Trains would display coloured signals (flags and lights) to indicate the following:
White - extra train (not running on a listed timetable schedule)
Green - one or more additional section(s) following (multiple trains running on the same regular timetable schedule)
No signals - last (or only) section of a regular train.


----------



## DonR (Oct 18, 2012)

Cris

Very interesting. Information we can all use.

So those 2 fake white lights on the front of my Doodlebug
were to indicate what? This exact unit in prototype ran through
my home town into the 1950s or later on a regular daily
schedule. It had these same light
fixtures just as my model does.

I notice on most steamers the same type of light fixture on
either side of the loco front below the stack. The lens is usually
clear. How were they used?

Don


----------



## cv_acr (Oct 28, 2011)

Don, these are the classification lights mentioned above.

If running on a regular timetable schedule, the lights would be dark/unlit.

They'd be white if it was running as an extra train.

Green if there are other sections of the same schedule following (unlikely for a doodlebug).


----------



## GN.2-6-8-0 (Jan 10, 2013)

Ok red to the rear how about to the sides' I'm thinking green should be correct.


----------



## cv_acr (Oct 28, 2011)

An old Kerosene marker lamp had 3 green lenses (normally facing front and sides) and 1 red lens (rear).
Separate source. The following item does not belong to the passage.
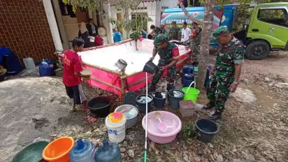 “Sesuai perintah Bapak Pangdam melalui kodim, kita laksanakan tanggap darurat kekeringan. Kami bekerjasama dengan BPBD Banjarnegara melakukan droping air bersih di beberapa wilayah, salah satunya di Desa Kebutuh Duwur ini. Di sini kita sediakan 4 buah tangki air bersih untuk warga disini,” katanya. (Rbo/Dan)
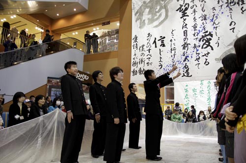 静岡県を代表する書道パフォーマンス発表会。年々参加者も増え、イベントのクオリティも大幅にアップし、クリスマスを飾る恒例のイベントになっている。毎回その年ごとのお題に合わせ、県内から200名以上の高校生が参加。巨大な紙に大筆を使い、カラフルな墨と躍動的な踊りでの表現は一見の価値あり。2018年以降はコンテスト形式にリニューアル!

In those cases where green was displayed to the rear, the lamp could be turned in the bracket to show green outwards.

Later modern cabooses with electric markers just had the red and green (but sometimes just red) lights facing the rear only.

See the lights mounted at the top corners of this modern (1970s) CP caboose:
http://canadianfreightcargallery.ca/cgi-bin/image.pl?i=cp434658&o=cprail


----------